▸ **RECORDS**:
• • • • •

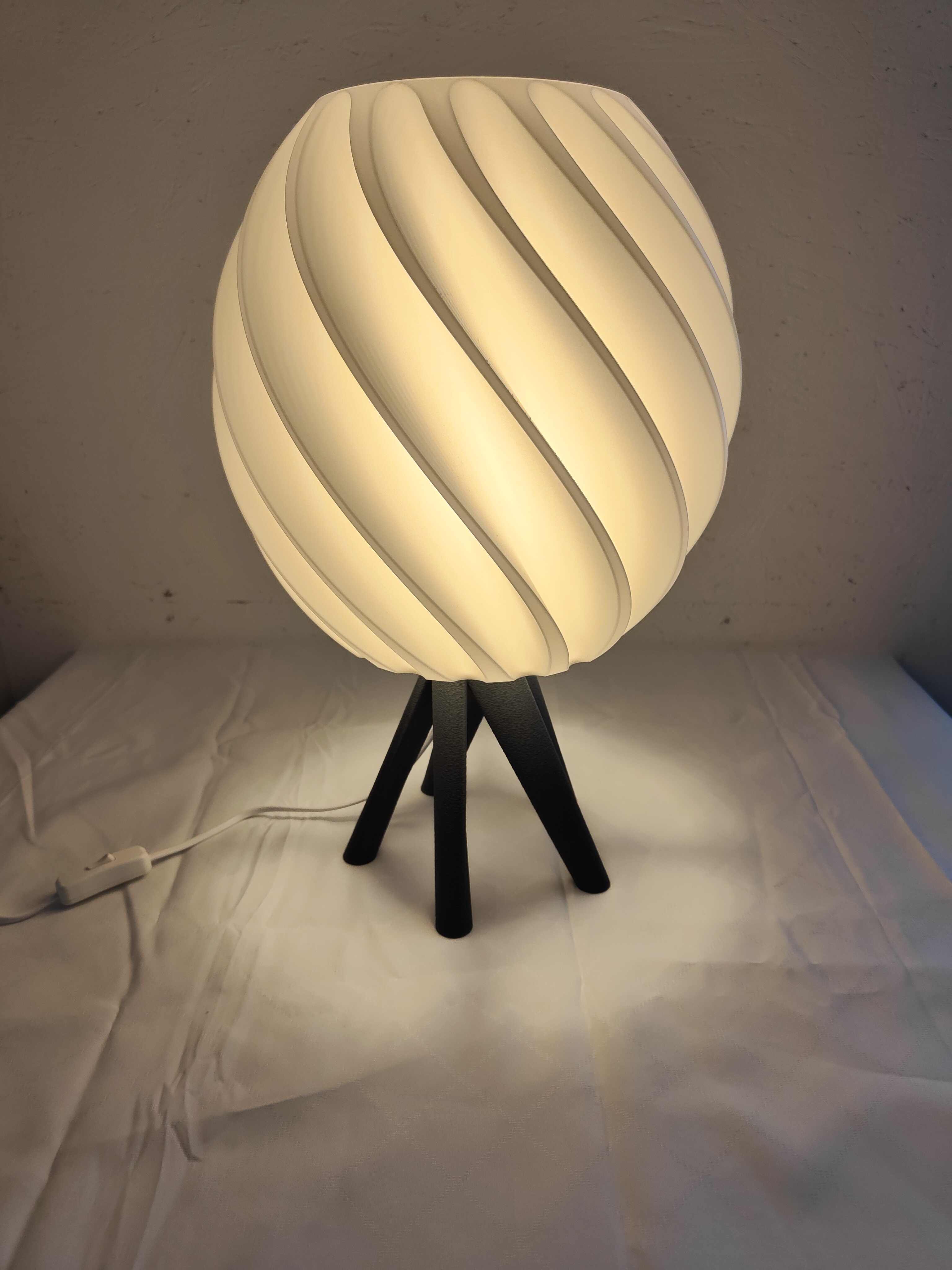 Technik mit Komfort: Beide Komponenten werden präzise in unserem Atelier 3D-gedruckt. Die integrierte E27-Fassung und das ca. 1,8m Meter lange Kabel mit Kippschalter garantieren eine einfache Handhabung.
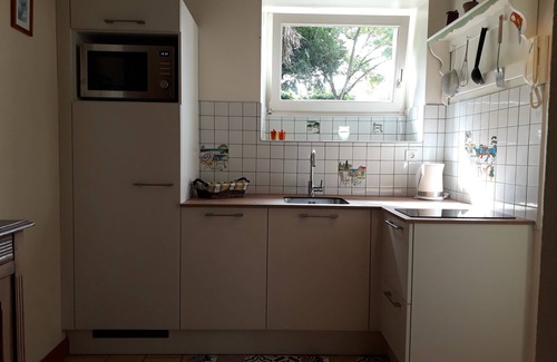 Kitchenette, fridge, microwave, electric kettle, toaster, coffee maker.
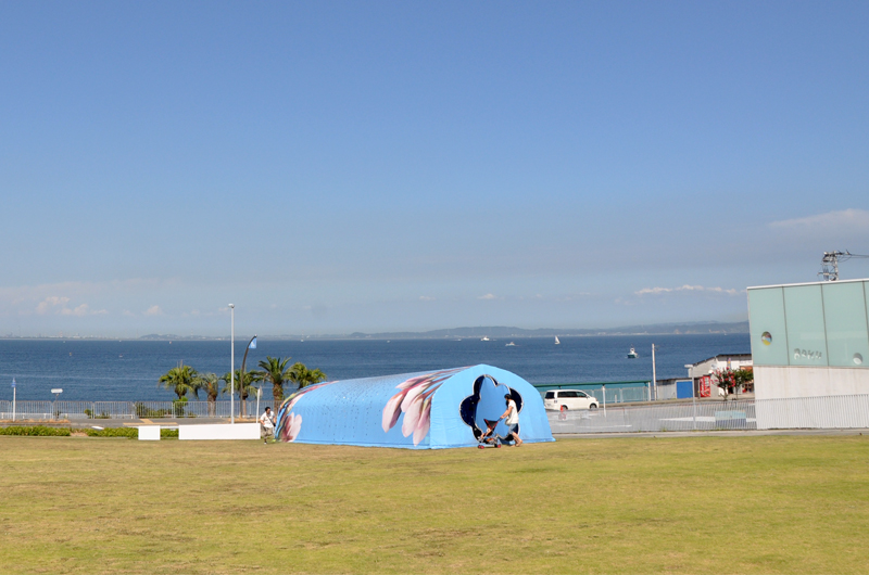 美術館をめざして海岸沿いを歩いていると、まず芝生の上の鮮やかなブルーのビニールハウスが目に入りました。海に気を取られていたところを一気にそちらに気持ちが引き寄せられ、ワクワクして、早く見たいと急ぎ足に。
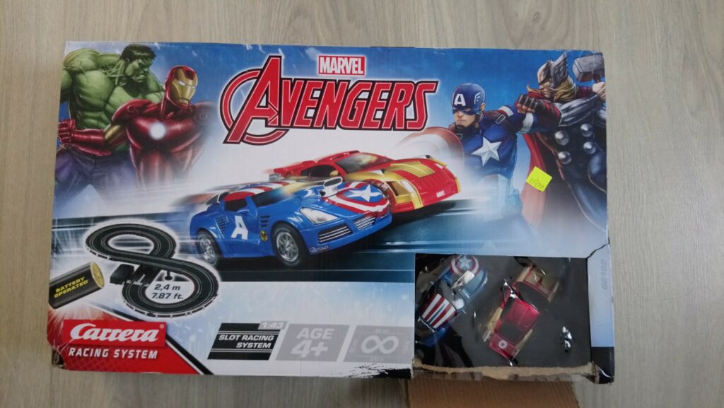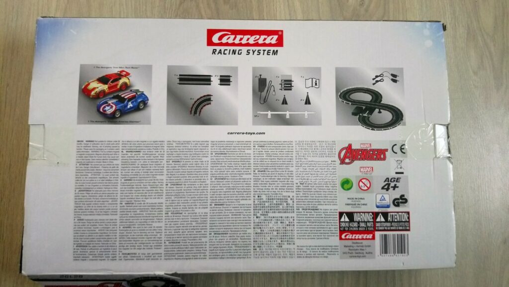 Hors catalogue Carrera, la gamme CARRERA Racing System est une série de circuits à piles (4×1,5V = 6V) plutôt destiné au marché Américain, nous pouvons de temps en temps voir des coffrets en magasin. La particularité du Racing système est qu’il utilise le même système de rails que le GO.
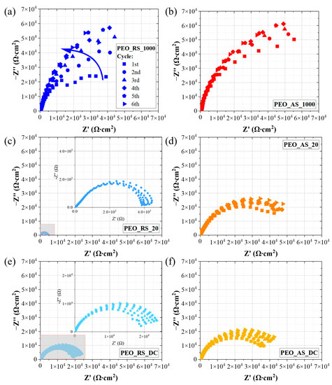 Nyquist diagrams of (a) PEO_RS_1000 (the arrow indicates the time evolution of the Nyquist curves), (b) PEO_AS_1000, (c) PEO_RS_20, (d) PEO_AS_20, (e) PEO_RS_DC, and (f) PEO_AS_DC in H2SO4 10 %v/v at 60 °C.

• • • • •

▸ **WHAT YOU WILL DO**:
If a record holds a picture, leave the picture out, but repeat every line exactly.

▸ **FINAL ANSWER**:
 Technik mit Komfort: Beide Komponenten werden präzise in unserem Atelier 3D-gedruckt. Die integrierte E27-Fassung und das ca. 1,8m Meter lange Kabel mit Kippschalter garantieren eine einfache Handhabung.
 Kitchenette, fridge, microwave, electric kettle, toaster, coffee maker.
 美術館をめざして海岸沿いを歩いていると、まず芝生の上の鮮やかなブルーのビニールハウスが目に入りました。海に気を取られていたところを一気にそちらに気持ちが引き寄せられ、ワクワクして、早く見たいと急ぎ足に。
 Hors catalogue Carrera, la gamme CARRERA Racing System est une série de circuits à piles (4×1,5V = 6V) plutôt destiné au marché Américain, nous pouvons de temps en temps voir des coffrets en magasin. La particularité du Racing système est qu’il utilise le même système de rails que le GO.
 Nyquist diagrams of (a) PEO_RS_1000 (the arrow indicates the time evolution of the Nyquist curves), (b) PEO_AS_1000, (c) PEO_RS_20, (d) PEO_AS_20, (e) PEO_RS_DC, and (f) PEO_AS_DC in H2SO4 10 %v/v at 60 °C.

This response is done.